ESTOFADO DE CARNERO (LAMB STEW)
From The Complete Book of Mexican Cooking, by Elisabeth Lambert Ortiz, 1965. We like to add some cooked black beans at the end to make it even heartier and stretch it farther.
Provided by zeldaz51
Categories Lamb/Sheep
Time 3h
Yield 6 serving(s)
Number Of Ingredients 10
Steps:
- Prepare the chiles:.
- Wash the chiles in cold water. Remove veins, stems, and seeds. Tear the pods roughly into pieces, place in a bowl and soak them in hot water, at least 1/2 cup, for an hour. Place the soaked chiles and their soaking liquid in a blender jar and blend to a thick puree.
- Assemble the stew:.
- Place the lamb, tomatoes, garlic, raisins, spices, and seasoning to taste in a heavy flameproof casserole which has a lid.

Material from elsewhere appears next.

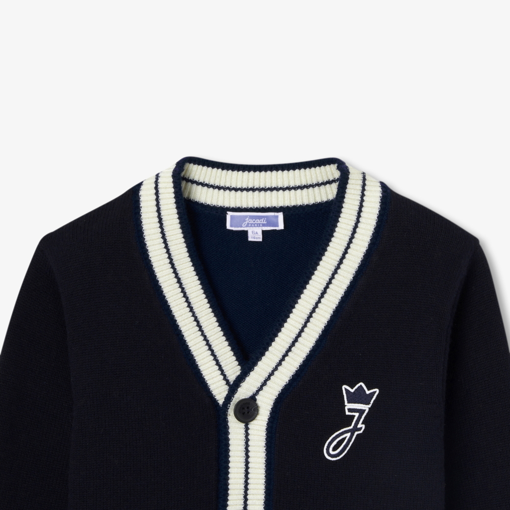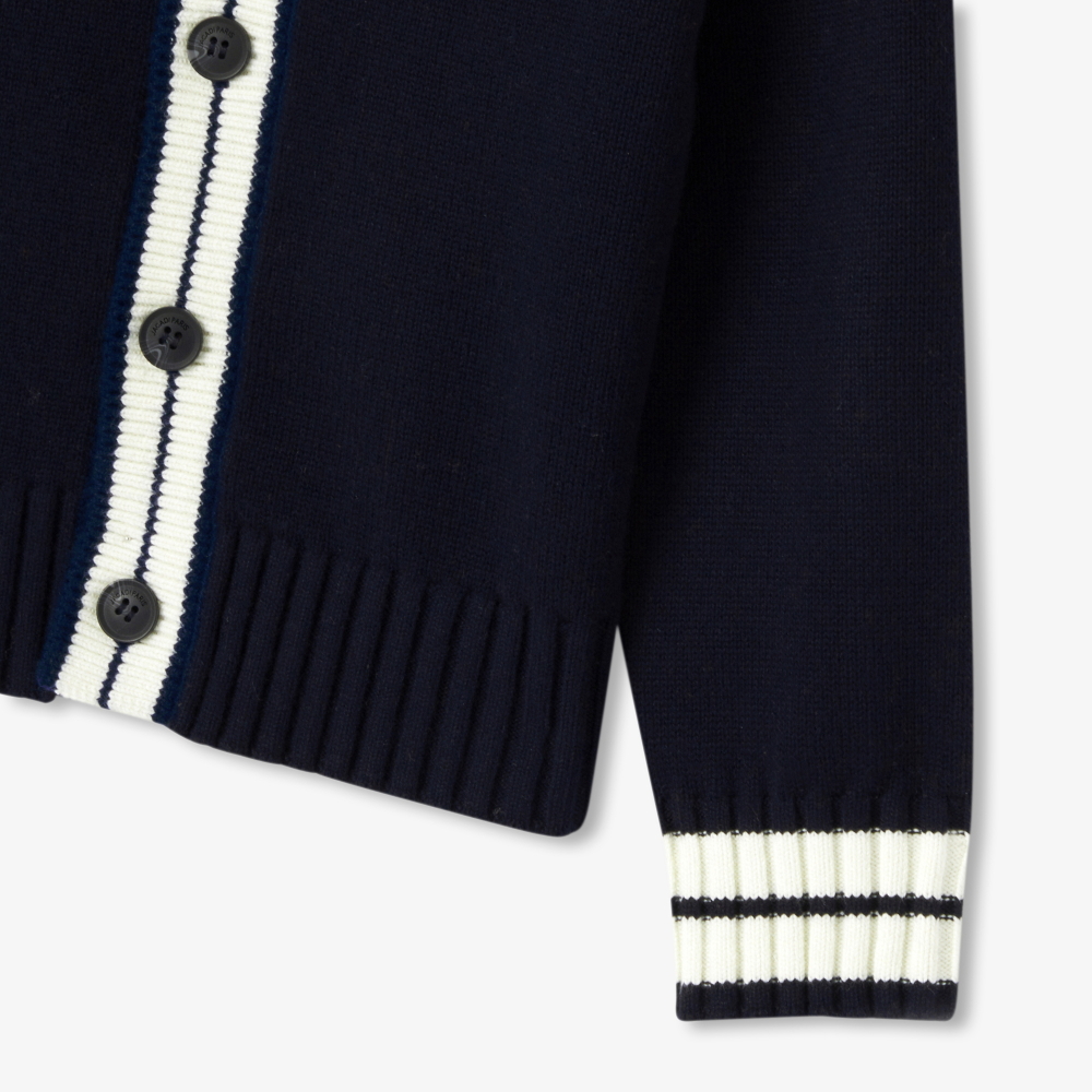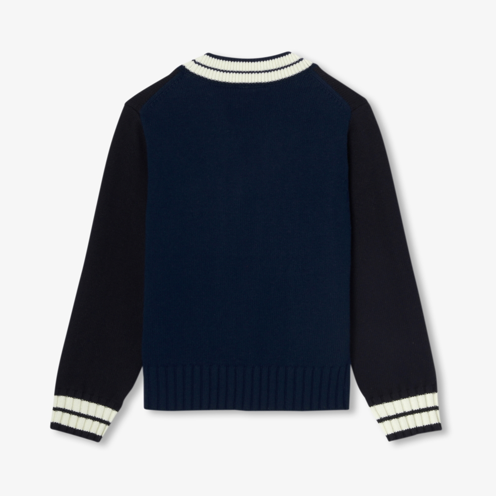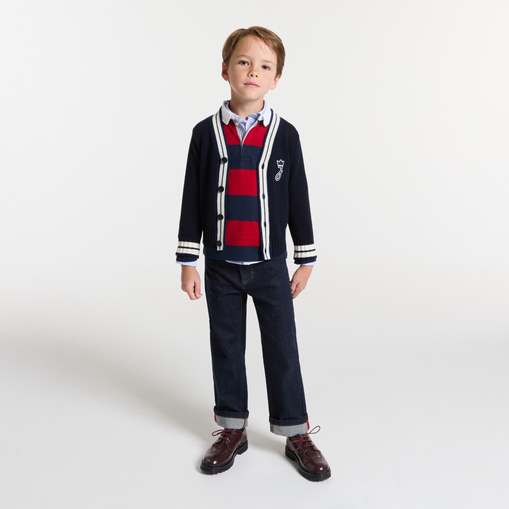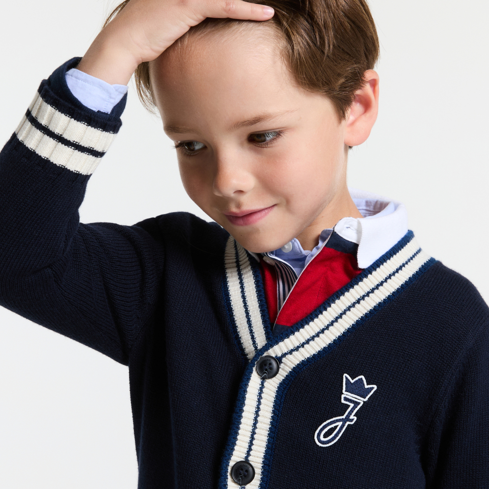 Klasik tarzı modern detaylarla buluşturan bu erkek çocuk hırka, preppy şıklığın en zarif halini yansıtır. Organik pamuk ve sorumlu üretim yün karışımından üretilen model, çizgili ribana detaylarıyla dinamik bir görünüm kazanır. Renk bloklu tasarımıyla dikkat çeken bu parça, tişört ve kadife pantolonlarla kombinlenerek şehirli bir stil yaratır.
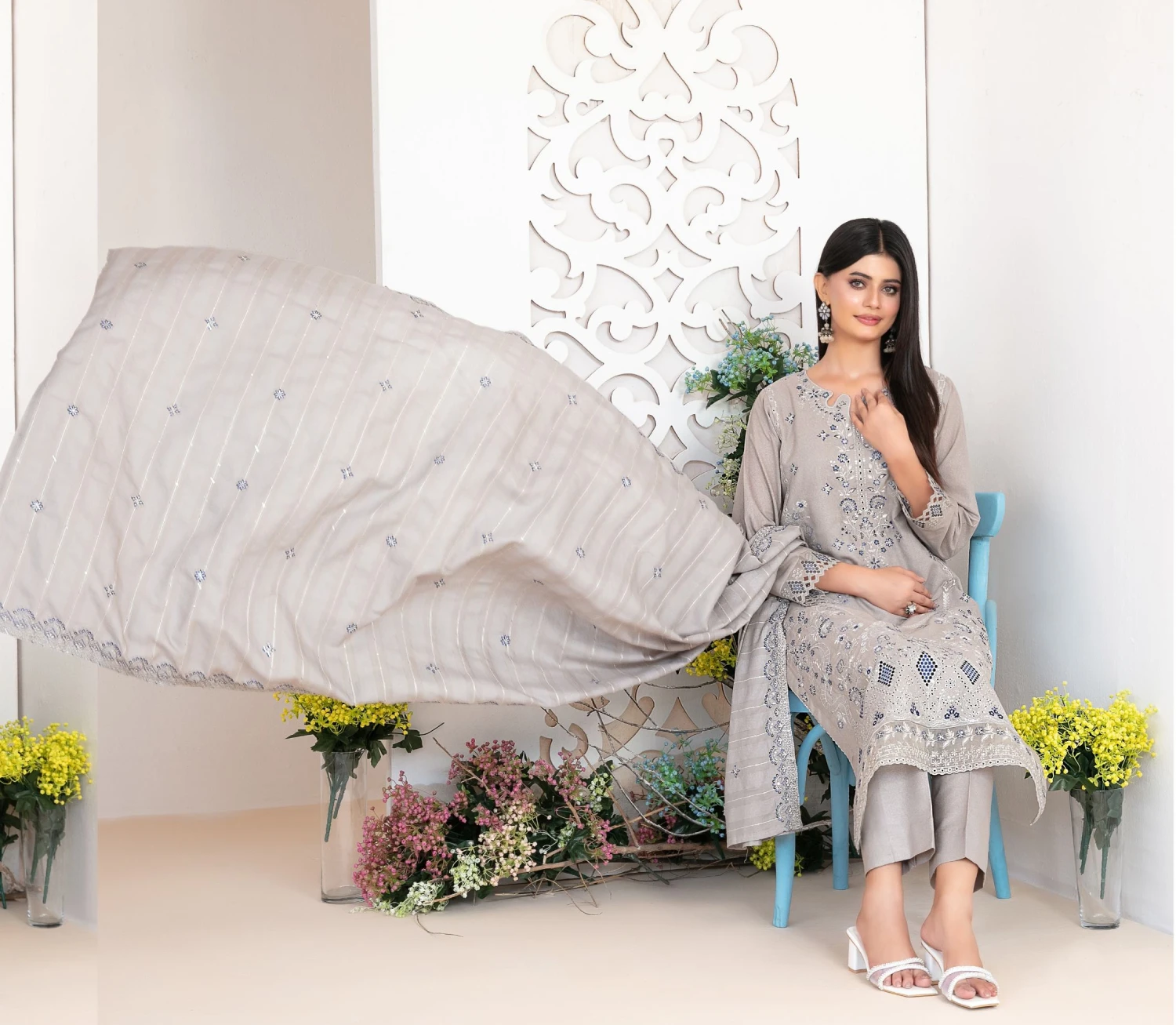 Step into elegance with the Joom unstitched 3-piece Suit. Featuring exquisite embroidery on premium fabrics, this Pakistani women’s collection includes a beautifully designed shalwar, shirt, and dupatta. Perfect for creating a sophisticated and personalized look.

- Add enough water to the chile puree to make it the consistency of thin cream *(about 1 1/2 cups). Pour the puree over the meat, cover the casserole, bring to a boil. Reduce the heat and simmer very gently until the lamb is tender when pierced with a fork, about 2 hours.
- Five minutes before serving, add the sherry. Sprinkle with almonds just before serving.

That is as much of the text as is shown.